Railway station in Brussels, Belgium

Saint-Job railway station (Gare de Saint-Job) or Sint-Job railway station (Station Sint-Job) (Note: Officially Saint-Job/Sint-Job (Saint-Job; Sint-Job)) is a railway station in the municipality of Uccle in Brussels, Belgium. The station, operated by the National Railway Company of Belgium (NMBS/SNCB), is located on line 26, between Boondael and Moensberg railway stations.
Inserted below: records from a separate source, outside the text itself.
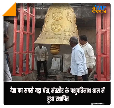 मध्यप्रदेश : मंदसौर के पशुपतिनाथ मंदिर में निर्माणाधीन सहस्त्र शिवलिंग मंदिर के पास 3700 किलो का महा घंटा स्थापित किया गया है, जो कि देश और दुनिया का सबसे भारी घंटा है। 10 कारीगरों की टीम ने 6 महीने दिन रात काम कर इस घंटे का निर्माण किया है। महा घंटे को बनाने में 36 लाख रुपये खर्च किए गए हैं। घंटे की एक और खासियत यह है कि इसमें बाहर भगवान पशुपतिनाथ की आकृतियां उकेरी गई हैं। मुख्यमंत्री शिवराज सिंह चौहान सहस्त्र शिवलिंग मंदिर में प्राण प्रतिष्ठा के दौरान दुनिया के सबसे बड़े घंटे का उद्घाटन भी करेंगे। बता दें मध्य प्रदेश के रतनगढ़ देवी मंदिर में 1635 किलो का घंटा स्थापित है।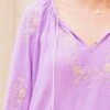 Float into the season with this beauty in your possession! This top was crafted with tassel ties and delicate embroidery detailing, that will transport you to a world of relaxation and style! The flowy fit provides comfort and versatility, while the pretty lavender color adds a touch of flair to your style!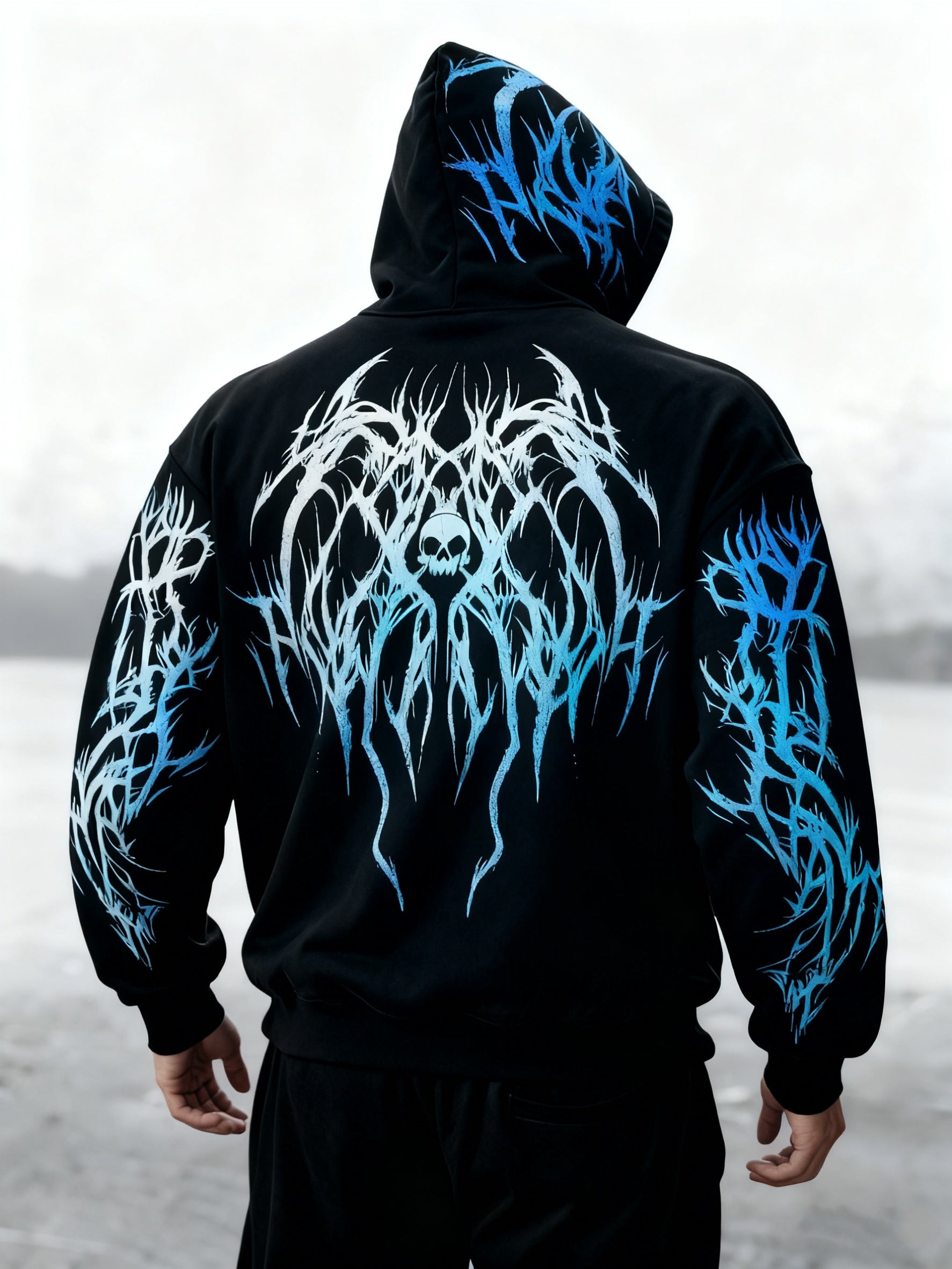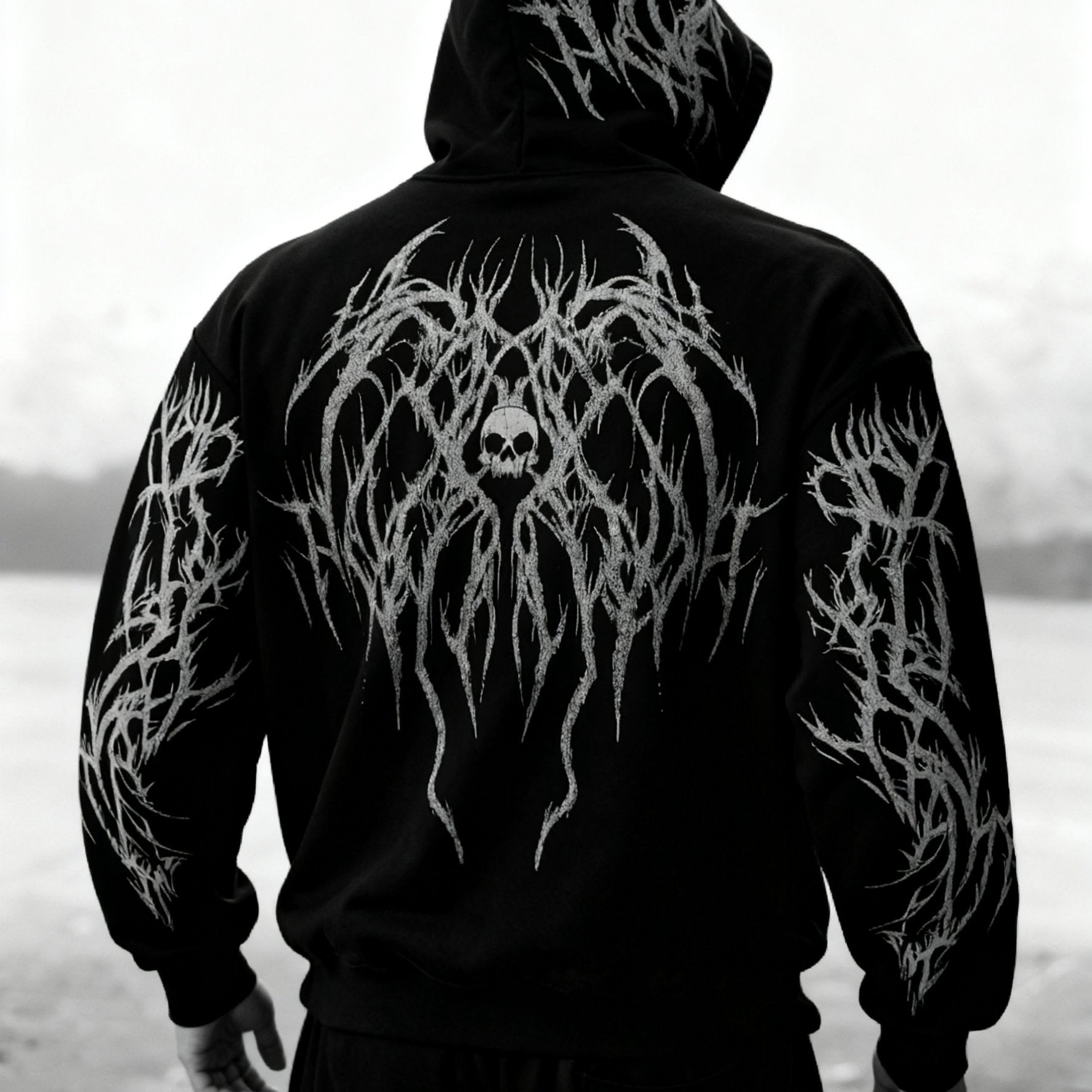 Men's Gothic Skull Print Zip Hoodie - Loose Fit with Pockets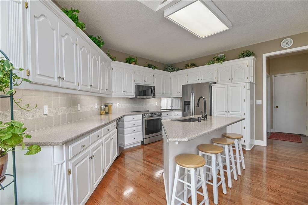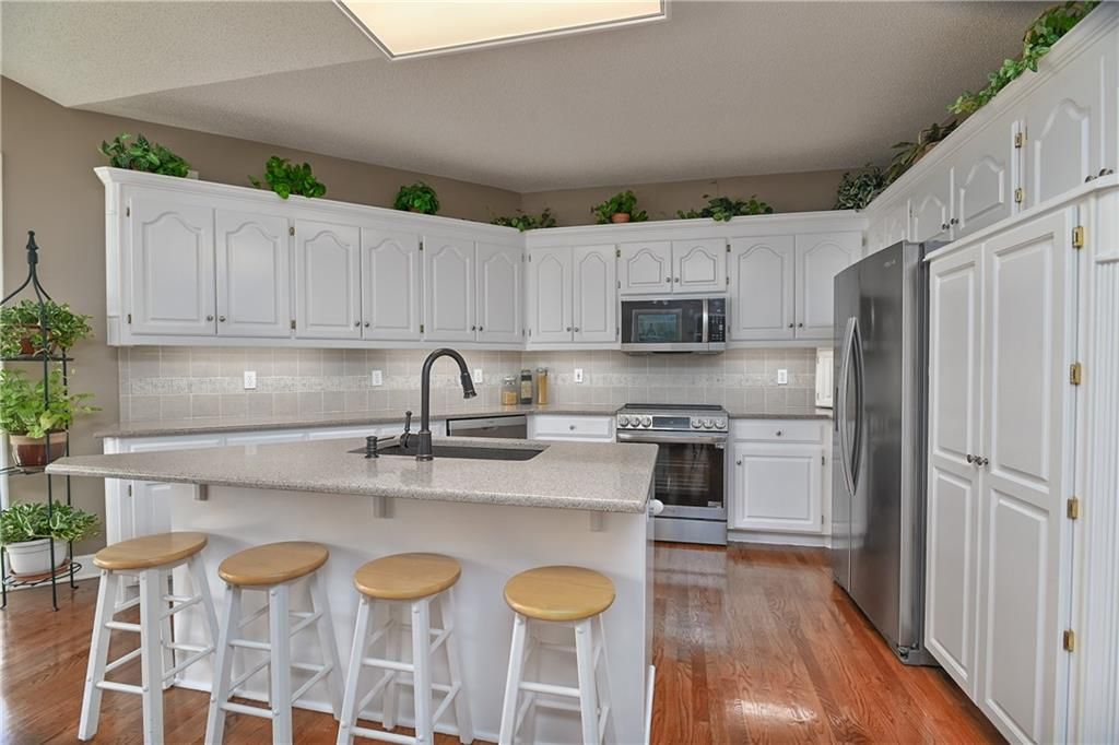 20,000 Price Improvement! Beautifully maintained home that is ready for you. As you enter, you will be greeted with the fabulous view overlooking trees and green space. The main floor features beautiful hardwood floors, an open floor plan, soaring ceilings and a light, bright setting. Spacious hearth room kitchen is well appointed with stainless steel appliances, quartz countertops, breakfast bar seating and a pantry. The main floor primary is enormous and has an updated primary bath with custom cabinetry, heated tile floors, a closet system and a cozy fireplace to soak away the day! Upstairs there are very generously sized bedrooms, all with walk-in closets. All have direct access to baths - one is a jack and jill. The finished walk out basement has something for everyone. This wide open room is perfect for game tables with lots of space left for seating to watch the big games and movies. The lower level also includes a workshop room, plenty of storage, another full bath and custom cabinetry to keep you organized. Next up - walk out to your covered patio and enjoy to the quiet scenery. Several updates include a new composite deck 2024, new HVAC 2023 with electronic damper, New HWH 2021 plus the garage floor has an epoxy coating! This is the perfect location with easy highway access, close to numerous grocery stores, restaurants, the new Lenexa Aquatic center, the Millcreek walking trails plus a neighborhood elementary school.**Please excuse our mess - home is being prepared for an estate sale Oct 23-25 **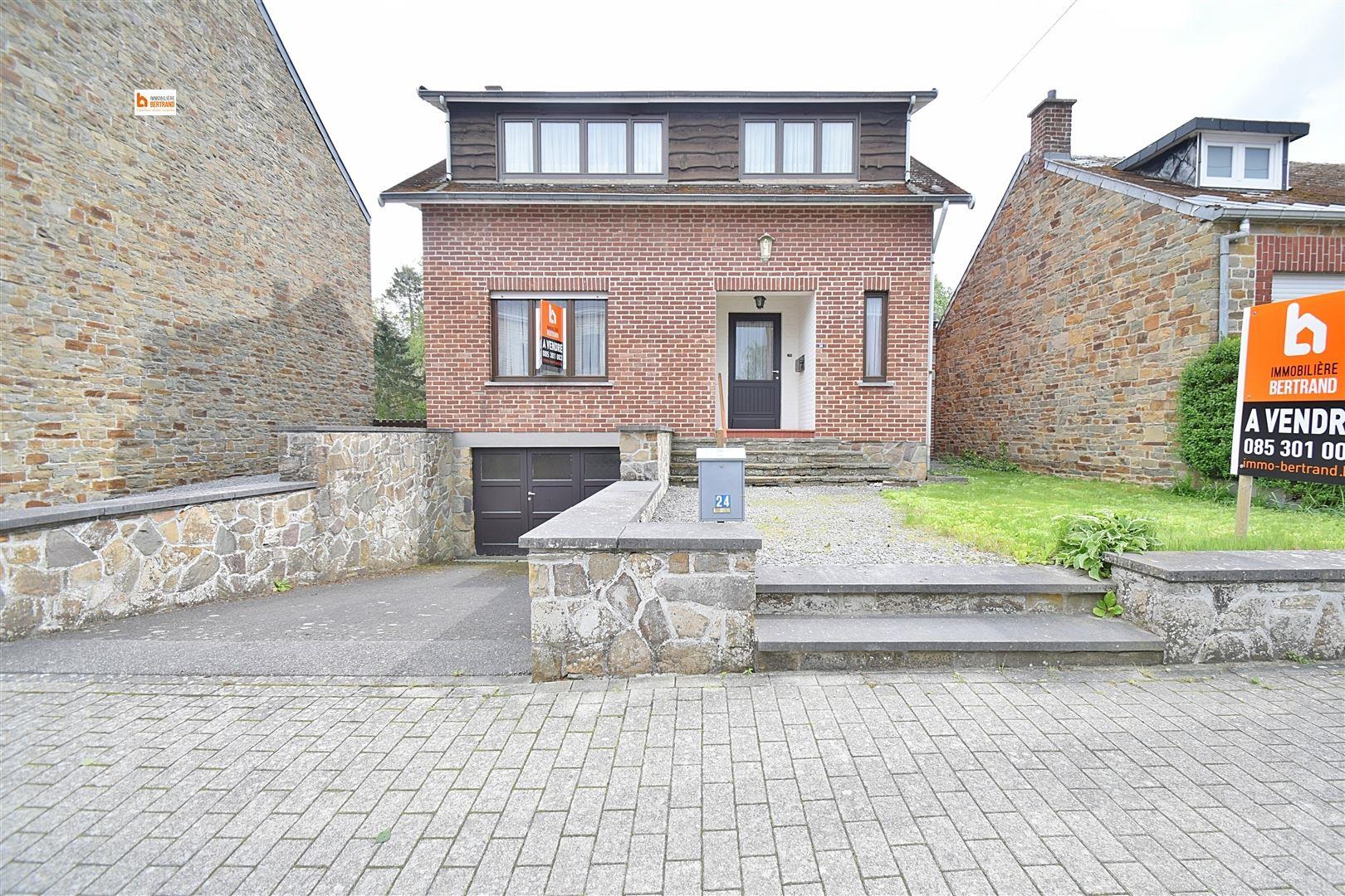 VENDU VENDU VENDU ! Maison villageoise située dans une rue calme composée de: vaste hall d'entrée, salon, salle à manger, cuisine équipée et coin à manger avec accès au jardin, wc séparé, 3 chambres (poss 4), dressing, salle de bain caves et garage 2 voitures. Jardin clôturé et arboré orienté Sud-Est, atelier de +/- 200m² sur deux niveaux. Châssis en bois, double vitrage, électricité bi-horaire non réceptionnée, chauffage central au mazout. Proche de toutes les commodités, cette maison vous séduira par ses possibilités d'aménagement, ses espaces et sa situation. Faire offre à partir de 199.000,00 euros sous réserve de l'acceptation des propriétaires. A visiter sans tarder. www.immo-bertrand.be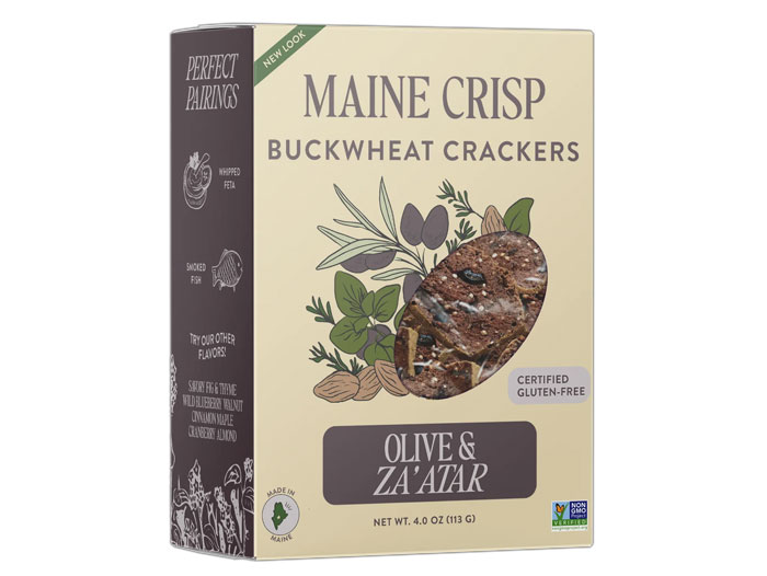 The Maine Crisp product line now comprises five flavors, featuring both locally-sourced and globally-inspired ingredients. Through these delicious, wholesome combinations, Maine Crisp is bringing buckwheat, a nutritious ancient seed, to the modern consumer. All crisps are baked with buckwheat, which is naturally gluten-free, grain free, rich in fiber, and offers a complete protein. The Olive & Za’atar crisp also blends balsamic vinegar and organic honey for depth of flavor.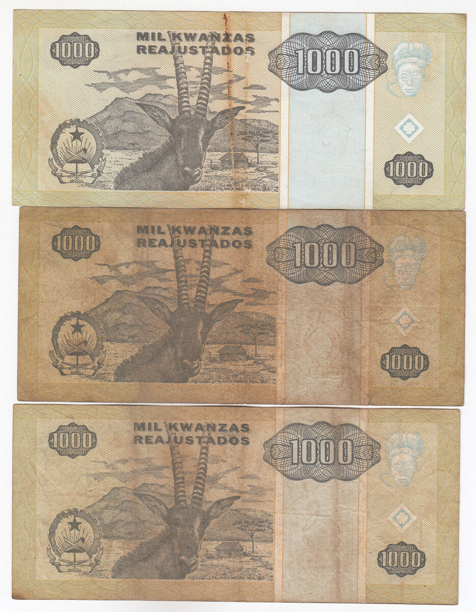 Angola, 1000 Kwanza, 1995, (lotto di 3) banconote del Banco Nacional De Angola,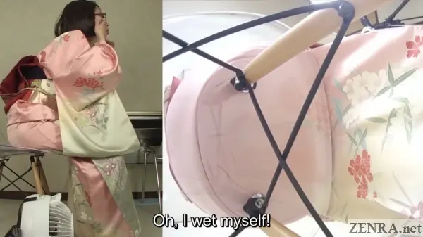 I ACCIDENTALLY PEED IN A KIMONO is a movie mainly for pee desperation fans. We do apologize for the lack of nudity; every scene did have it, but only at the end when each participant stripped out of her soiled attire and toweled off. Thus, like pretty much all previous titles by HAISETSU, this one's entirely non-sexual. We know as a site heavily featuring content for adults a title like this may be something of an oddball, but every so often fully maniac curve-balls are warranted.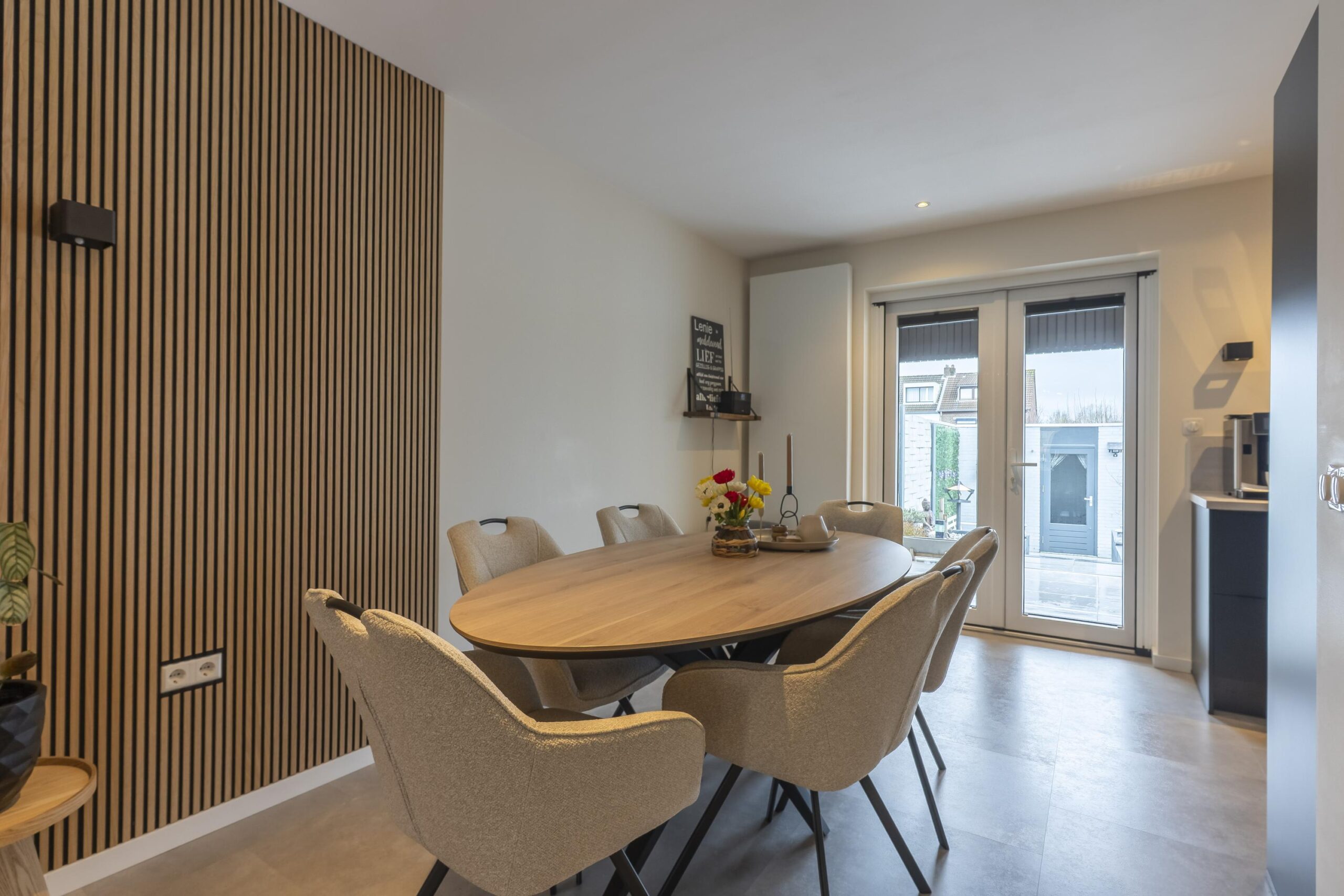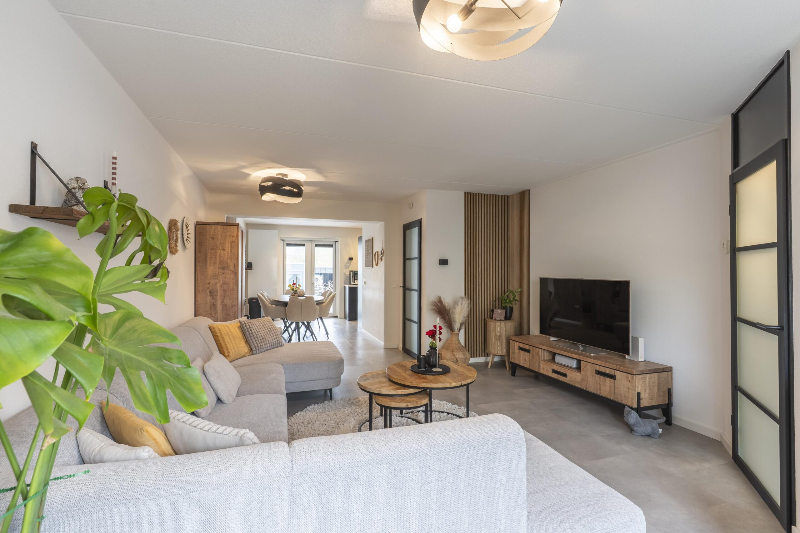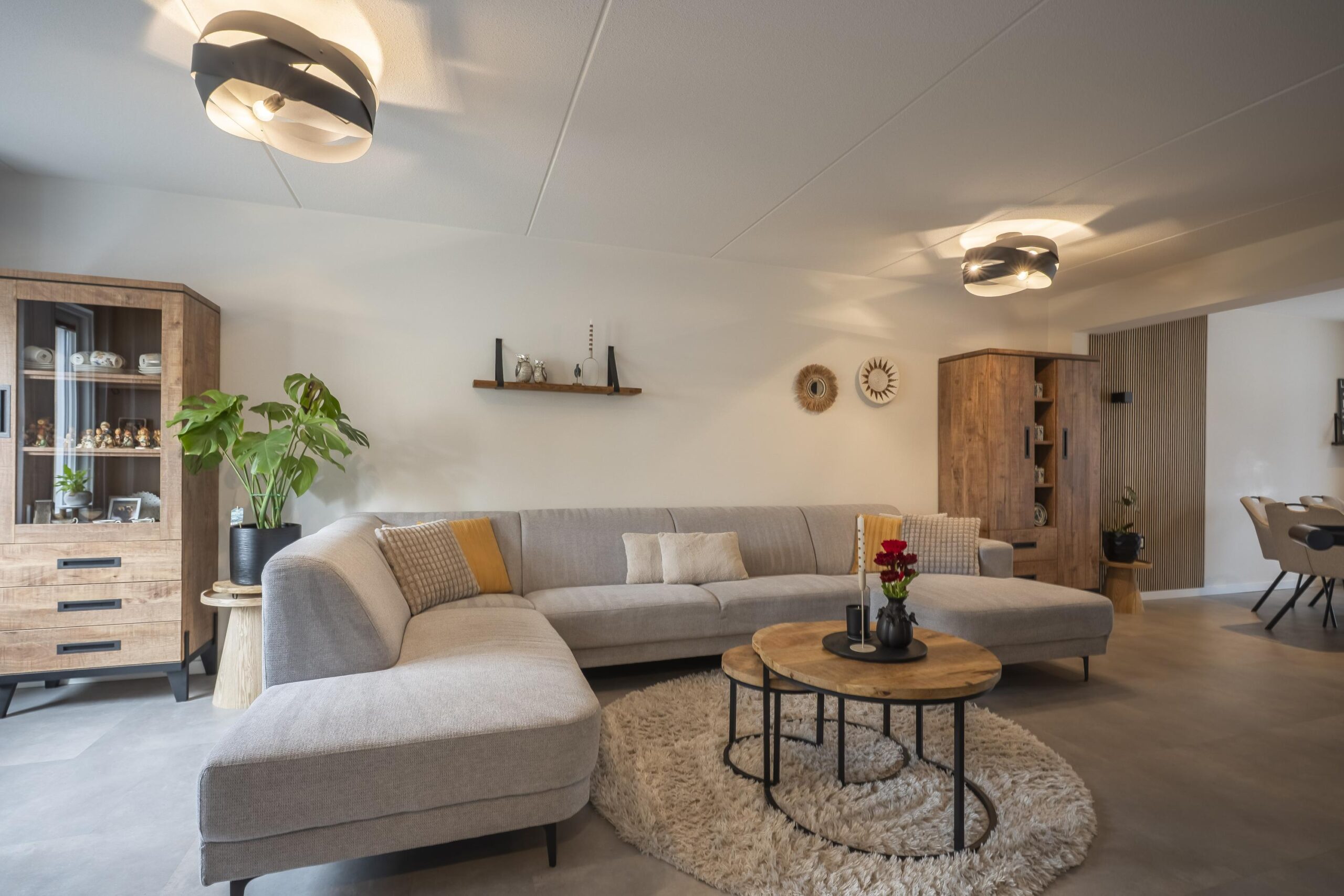 De gehele living is voorzien van een moderne pvc-vloer.

The station is named after the nearby Place de Saint-Job/Sint-Jobsplein.

==Train services==
The station is served by the following service(s):

- Intercity services (IC-27) (Leuven) - Brussels Airport - Brussels-Luxembourg - St Job - Braine L'alleud - (Nivelles - Charleroi)
- Brussels RER services (S5) Mechelen - Brussels-Luxembourg - Etterbeek- St Job - Halle - Enghien (- Geraardsbergen) (weekdays)
- Brussels RER services (S7) Mechelen - Merode - St Job - Halle (weekdays)
- Brussels RER services (S9) Leuven - Brussels-Luxembourg - Etterbeek- St Job - Braine-l'Alleud (weekdays, peak hours only)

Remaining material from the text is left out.